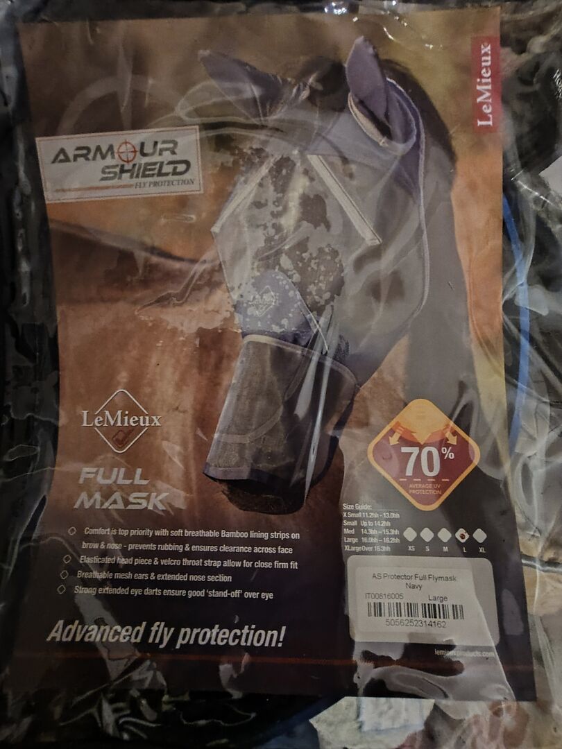 3 LeMieux fly mask ArmourShield Pro size L - I am selling a total of 3 very good condition ArmourShield Pro fly masks from LeMieux in size L. I have 3 of them to change and clean them when they were dirty. Unfortunately, they turned out to be a bit too big for my mare and she chafed her face (because they didn't fit) (typical mold 🫣)
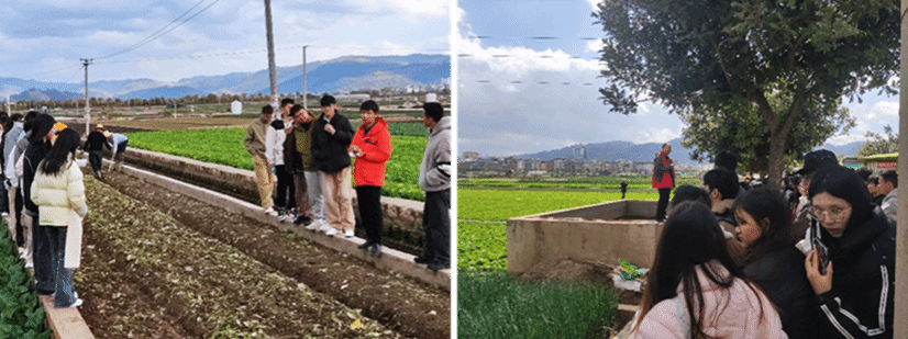 下午,杨副经理带领师生参观了玉溪市农科院高原特色农业科研试验示范基地。早已在基地等候的玉溪市农科院的各个专家为大家介绍了油菜、豆类、中草药、花卉及小麦6种作物相关的育种和栽培研究等技术指导。
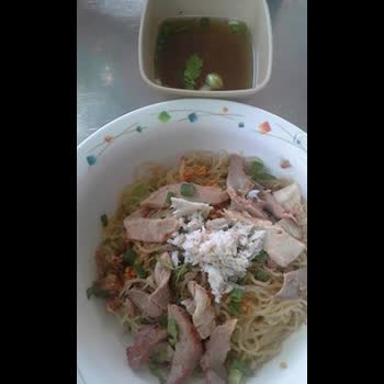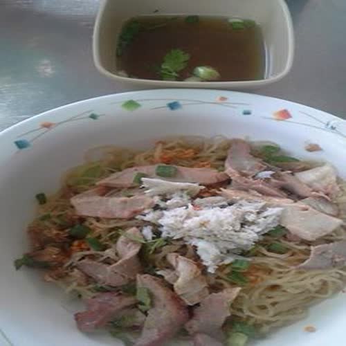 | คำสำคัญ : อาหารประเภทเส้น, บะหมี่ไข่ใส่หมูแดง ปู ผักกวางตุ้ง, บะหมี่แห้ง |

■ What the task requires: Give the data again exactly as written, with all pictures left out.

■ Answer space:
 3 LeMieux fly mask ArmourShield Pro size L - I am selling a total of 3 very good condition ArmourShield Pro fly masks from LeMieux in size L. I have 3 of them to change and clean them when they were dirty. Unfortunately, they turned out to be a bit too big for my mare and she chafed her face (because they didn't fit) (typical mold 🫣)
 下午,杨副经理带领师生参观了玉溪市农科院高原特色农业科研试验示范基地。早已在基地等候的玉溪市农科院的各个专家为大家介绍了油菜、豆类、中草药、花卉及小麦6种作物相关的育种和栽培研究等技术指导。
 | คำสำคัญ : อาหารประเภทเส้น, บะหมี่ไข่ใส่หมูแดง ปู ผักกวางตุ้ง, บะหมี่แห้ง |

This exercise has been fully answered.